The firm, which invested in the Series A round of omni-channel personal care company Honasa, which owns and operates Mamaearth and its house of brands, in 2018, saw a significant return on its investment. The firm made Rs 800 crore in cash from its initial investment of Rs 25 crore, and continues to hold unsold stake in the company. 

“The first wave of companies took 15 years to exit or do an IPO. We invested in Mamaearth in the middle of 2018 and it went public in 2023. So, in five years, from our Series A. That timeline is compressing and hopefully, five to seven years is the right time of a good outcome going public. But if you are a venture firm, the 10-year window from entry to exit will stay,” added Chowdhri. 

While Stellaris itself has been a sector agnostic early-stage firm, Chowdhri added that there was a need for specialists. 

“We have seen the amount of capital going up, and with this, the number of more specialised strategy funds will come up. They need to operate with a special stage or sectors which are coming up, as compared to generalists,” said Lahoty.

As the number of funds grow, the next five years will also see the rise of more India-specific late-stage funds for investments in Series D and onwards.

Factors shaping strategy

The opportunities for investors have also expanded in proportion with the depth of the Indian market, leading to a shift in venture strategy. As the ecosystem matures, venture firms are increasingly focusing on niche investment strategies tailored to specific sectors, stages of growth, and quality entrepreneurs, says Ritesh Banglani, Partner at Stellaris.

“By the time we started in 2017, we were able to focus only on tech-led investments in the seed and Series A stage in India because the opportunities in the space are large enough,” said Banglani. 

He added that Stellaris’ strategy keeps the tenets of focus, discipline, and depth. “The advantage of doing only one thing is you get to do it well.

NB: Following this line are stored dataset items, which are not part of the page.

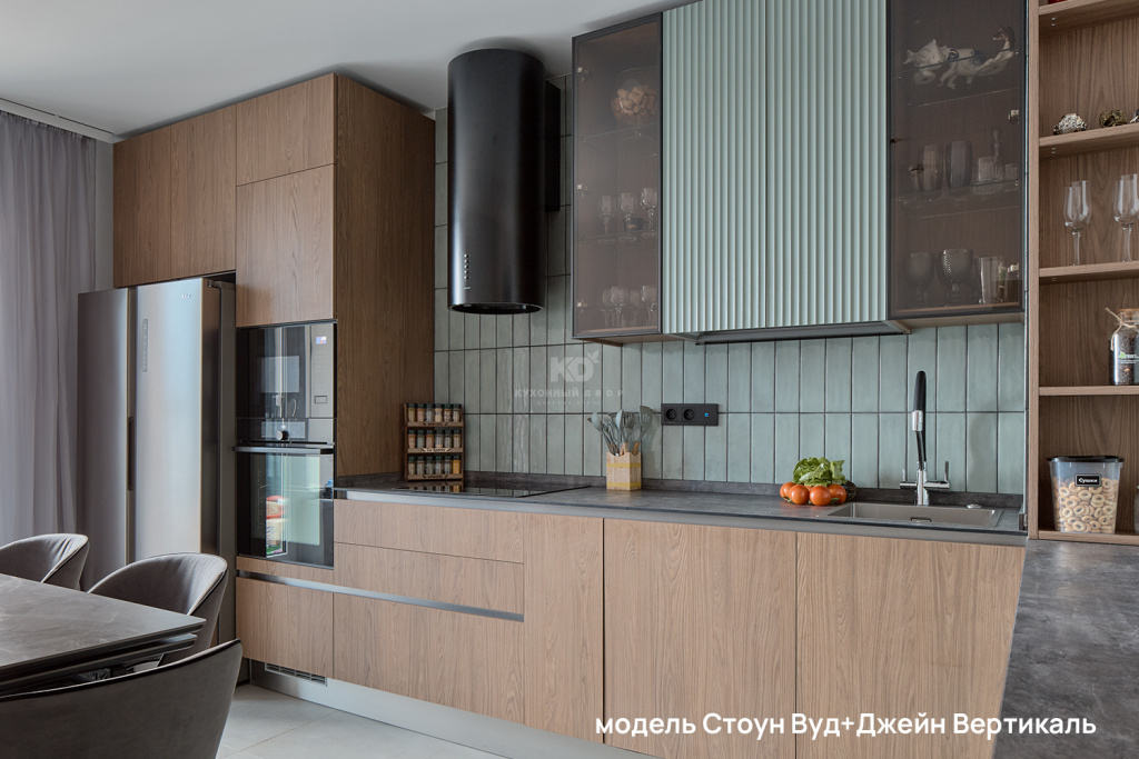 Рифлёные поверхности, бархатистое покрытие Мягкое прикосновение (Soft Touch) и тепло натурального дерева добавляют интерьеру глубины и тактильности. К таким материалам хочется прикасаться — они делают пространство живым, наполненным ощущениями и комфортом. Именно за счёт этих деталей кухня превращается из функциональной зоны в по-настоящему уютное место притяжения для всей семьи.
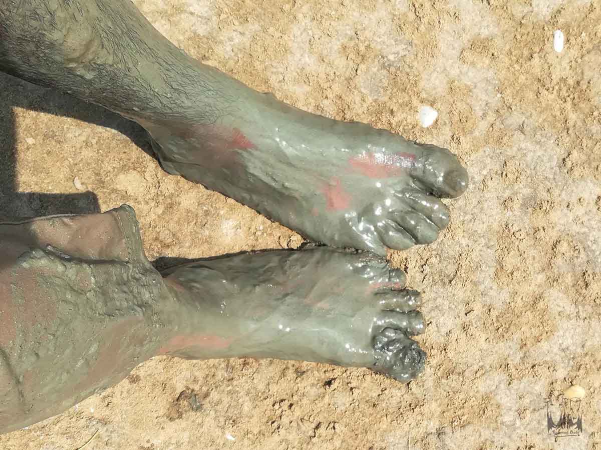 எங்களுடைய சகதி முழுக்கிய கால்கள்.
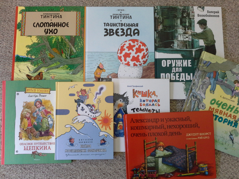 Это заказ в библионочь. Тинтин, Солнышкин и оружие для победы навырост, остальное можно сейчас читать.
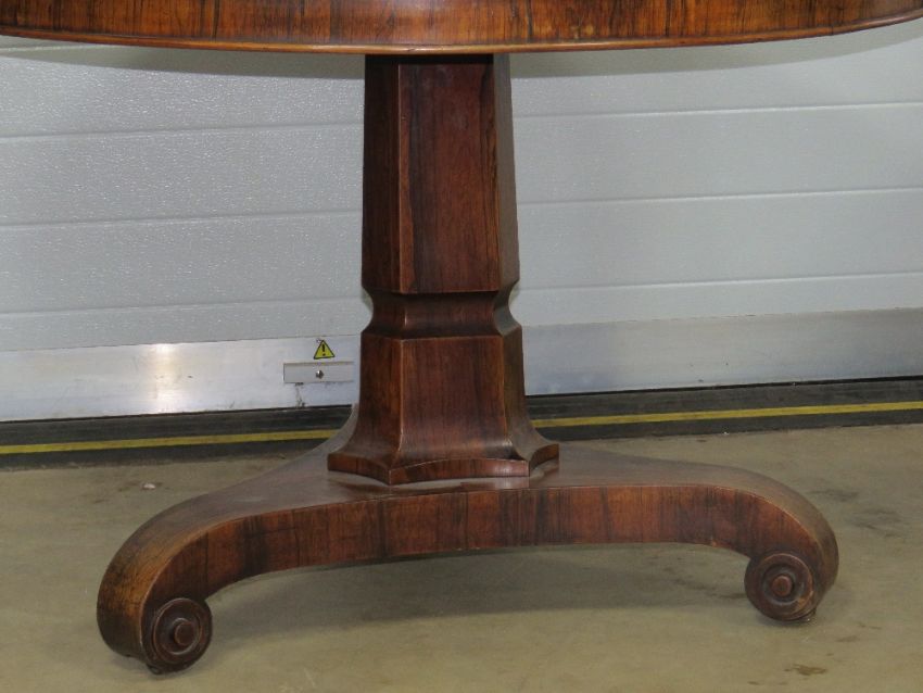 A Victorian circular rosewood breakfast or loo table raised over a hexagonal column upon triform base with concealed brass castors.
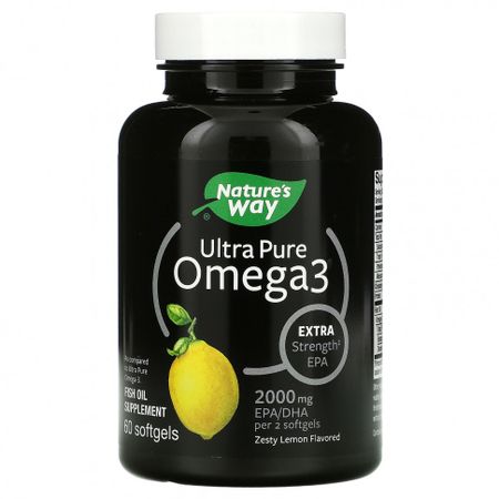 Nature’s Way, Ultra Pure Omega3, пикантный лимон, 1000 мг, 60 мягких таблеток

It allows us to be disciplined about our portfolio, doing seven to eight deals a year consistently, across the highs of 2021 and relatively lows of 2023–this has happened because the quality of entrepreneurs coming each year has improved,” added Banglani. 

Stellaris has been able to build sector expertise in key sectors of the economy over the years as deal flow continues to be steady. 

Domestic capital and the India opportunity

With the growth in opportunity, the share of domestic capital has grown in new asset classes beyond real estate and gold. Apart from domestic capital playing a key role in investments in private companies, the appetite for India as an investment destination for global capital has been on the rise. 

“We have been pitching to LPs (Limited Partners) who invest in venture capital funds actively for 10-11 years and outside of the US, India is the only viable venture market. China was big, but it has taken a backseat. For people looking to diversify out of the US market, India is the only option,” said Goyal. He added that a stable policy framework, growth in the underlying economy, work on Digital Public Infrastructure (DPI), and the young demographic makes India the perfect investment destination. 

As the Indian startup ecosystem matures, bolder bets are being taken to build global businesses out of India, said Goyal. 

Stellaris’ investment in Dashtoon.ai, a Gen AI-led content creation platform, and Kombai, an AI platform for UI developers, both based out of San Francisco, point to the increasing focus on global markets. 

With these new businesses, the appetite for risk has been on the rise when it comes to startup ideas as well as capital to back these concepts. 

“When we invest, 80% to 90% bets don’t work. Ours is a high-risk bet. As repeat entrepreneurs have come into India, as product orientation has grown, as technology democratisation happened in the world and as late-stage capital has come, bolder bets are being taken,” added Goyal.

With these factors at play, India’s future as a repeat market capable of returning capital through meaningful exits remains stable in the times ahead.